◆ Task instructions ◆
Output the entries as they appear, skipping images.

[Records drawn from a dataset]
··········
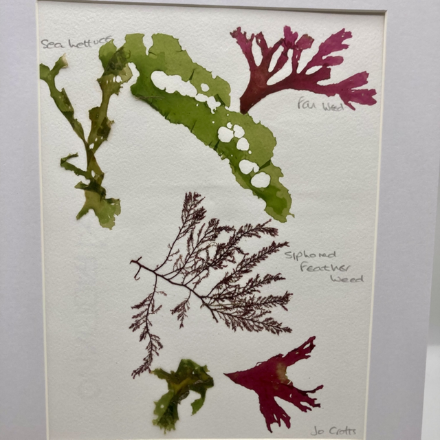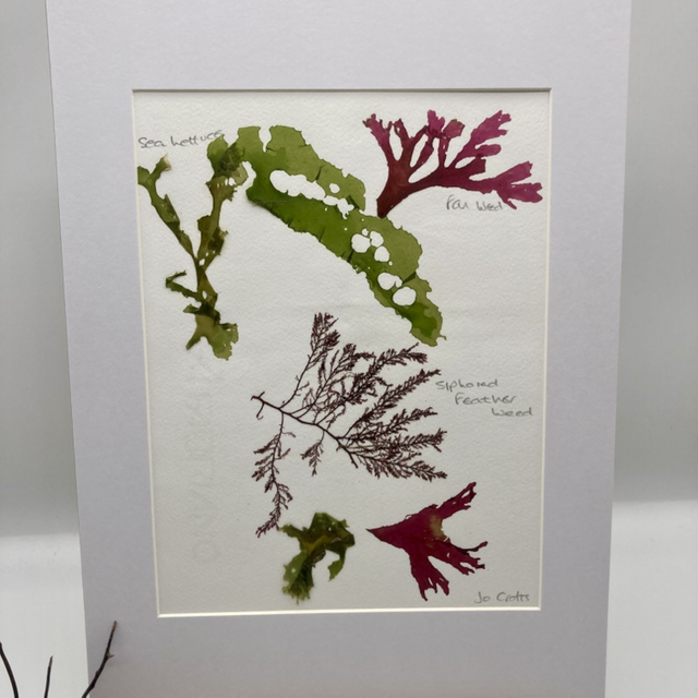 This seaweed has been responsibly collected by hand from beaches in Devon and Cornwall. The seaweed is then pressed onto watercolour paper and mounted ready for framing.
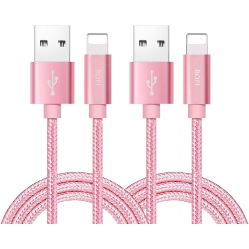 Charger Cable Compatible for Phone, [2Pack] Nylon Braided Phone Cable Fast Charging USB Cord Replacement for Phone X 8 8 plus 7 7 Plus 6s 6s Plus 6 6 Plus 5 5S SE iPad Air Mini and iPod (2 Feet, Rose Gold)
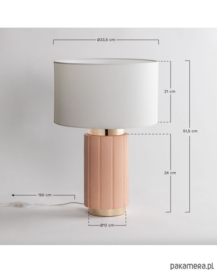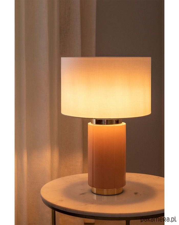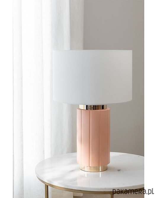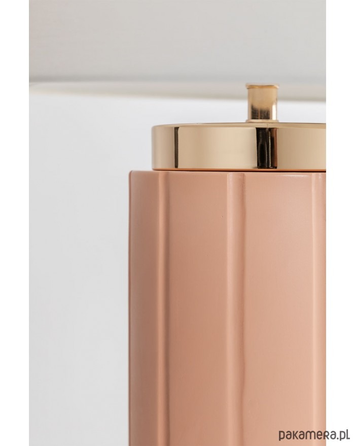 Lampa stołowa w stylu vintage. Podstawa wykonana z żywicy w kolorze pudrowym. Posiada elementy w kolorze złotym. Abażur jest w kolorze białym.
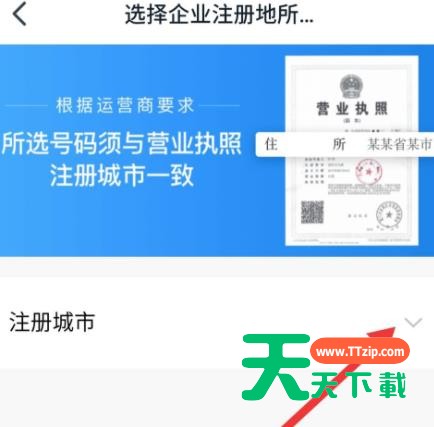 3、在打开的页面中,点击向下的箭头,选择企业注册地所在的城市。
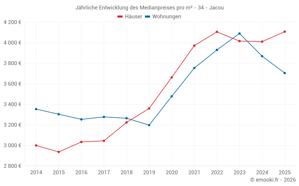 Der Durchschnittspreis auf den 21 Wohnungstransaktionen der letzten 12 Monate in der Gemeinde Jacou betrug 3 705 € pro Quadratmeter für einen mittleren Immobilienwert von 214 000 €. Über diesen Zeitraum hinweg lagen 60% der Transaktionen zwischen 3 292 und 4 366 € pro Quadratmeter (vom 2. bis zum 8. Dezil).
··········
◆ The answer ◆
 This seaweed has been responsibly collected by hand from beaches in Devon and Cornwall. The seaweed is then pressed onto watercolour paper and mounted ready for framing.
 Charger Cable Compatible for Phone, [2Pack] Nylon Braided Phone Cable Fast Charging USB Cord Replacement for Phone X 8 8 plus 7 7 Plus 6s 6s Plus 6 6 Plus 5 5S SE iPad Air Mini and iPod (2 Feet, Rose Gold)
 Lampa stołowa w stylu vintage. Podstawa wykonana z żywicy w kolorze pudrowym. Posiada elementy w kolorze złotym. Abażur jest w kolorze białym.
 3、在打开的页面中,点击向下的箭头,选择企业注册地所在的城市。
 Der Durchschnittspreis auf den 21 Wohnungstransaktionen der letzten 12 Monate in der Gemeinde Jacou betrug 3 705 € pro Quadratmeter für einen mittleren Immobilienwert von 214 000 €. Über diesen Zeitraum hinweg lagen 60% der Transaktionen zwischen 3 292 und 4 366 € pro Quadratmeter (vom 2. bis zum 8. Dezil).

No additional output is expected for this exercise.